E os anos passaram... muitos anos passaram. Os cabelos de Artaban já eram brancos como a neve nas montanhas. Velho, cansado e ainda um peregrino, estava novamente em Jerusalém onde havia estado muitas vezes na esperança de achar a família de Belém.

Os filhos de Israel estavam agora na cidade santa para a festa da Páscoa do Senhor e havia uma agitação e excitamento singular. Vendo um grupo de pessoas da sua terra, Artaban lhes perguntou o que se passava e para onde o povo se dirigia.

- Para o Gólgota! Dois ladrões vão ser crucificados e com eles, um homem chamado Jesus de Nazaré, que dizem, fez coisas maravilhosas entre o povo. Mas os sacerdotes exigiram a Sua morte, porque disse ser o Filho de Deus.

Artaban pensou: os caminhos de Deus são mais estranhos do que o pensamento dos homens. Agora é o tempo de oferecer a minha pérola para livrar da morte o meu Rei!

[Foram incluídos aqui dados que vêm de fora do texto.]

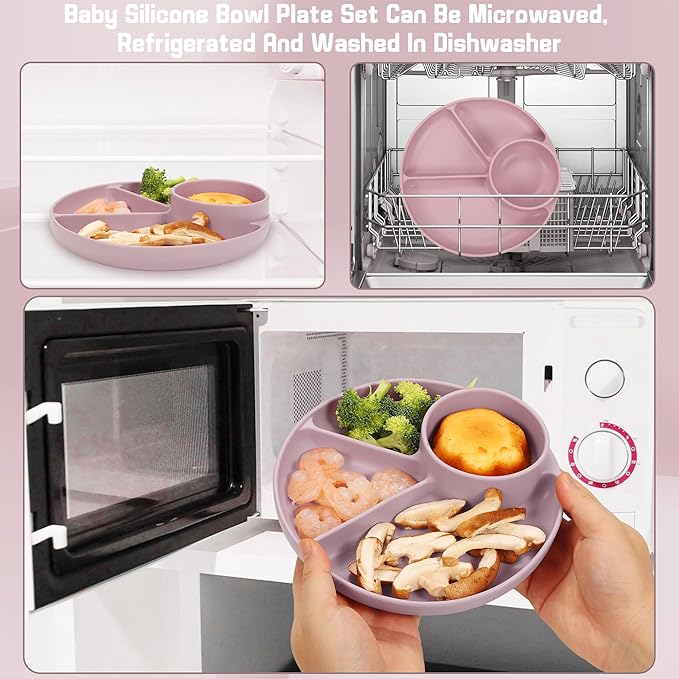 - Manage Baby Dish Set: The plate have suction points at their bases to help them stay secure on top of high chair trays, tables, and countertops. Effectively preventing your baby from throwing or tipping over the plate & bowl and making a mess

Ao seguir a multidão em direção ao portal de Damasco, um grupo de soldados apareceu arrastando uma jovem rapariga com vestes rasgadas e o rosto cheio de terror. Ao ver o mago, a jovem reconheceu-o como da sua própria terra e libertando se dos guardas atirou-se aos pés de Artaban e implorou:

- Tenha piedade, pelo Deus da pureza, salva-me! Meu pai era mercador na Pérsia, mas faleceu e agora vão me vender como escrava para pagar seus débitos! Salva-me!

Artaban tremeu. Era o velho conflito da sua alma entre a fé, a esperança e o impulso do amor. E agora? Uma coisa ele sabia: Salvar essa jovem indefesa era um gesto de amor. E não é o amor a luz da alma?

Ele tirou a pérola de junto ao seu coração. Nunca ela pareceu tão luminosa! Colocou-a na mão da moça e disse:

- Este é o teu pagamento, o último dos tesouros que guardei para o Rei!

Enquanto ele falava uma escuridão profunda envolveu a terra, que tremeu convulsivamente!

- O que tenho a temer, pensou ele, ...e para que viver? Não há mais esperança de encontrar o Rei, a procura terminou, eu falhei.”

Por 33 anos eu te procurei, mas nunca vi a tua face, nem te servi, meu Rei!

E uma voz suave veio dos céus.

- Em verdade, em verdade vos digo que quando o fizeste a um destes meus irmãos a mim o fizeste!

Uma alegria radiante iluminou a face calma de Artaban.

Um suspiro longo e aliviado saiu de seus lábios.

A viagem para ele havia terminado.

O quarto mago, Artaban, compreendeu que havia encontrado o seu Rei durante toda a sua vida!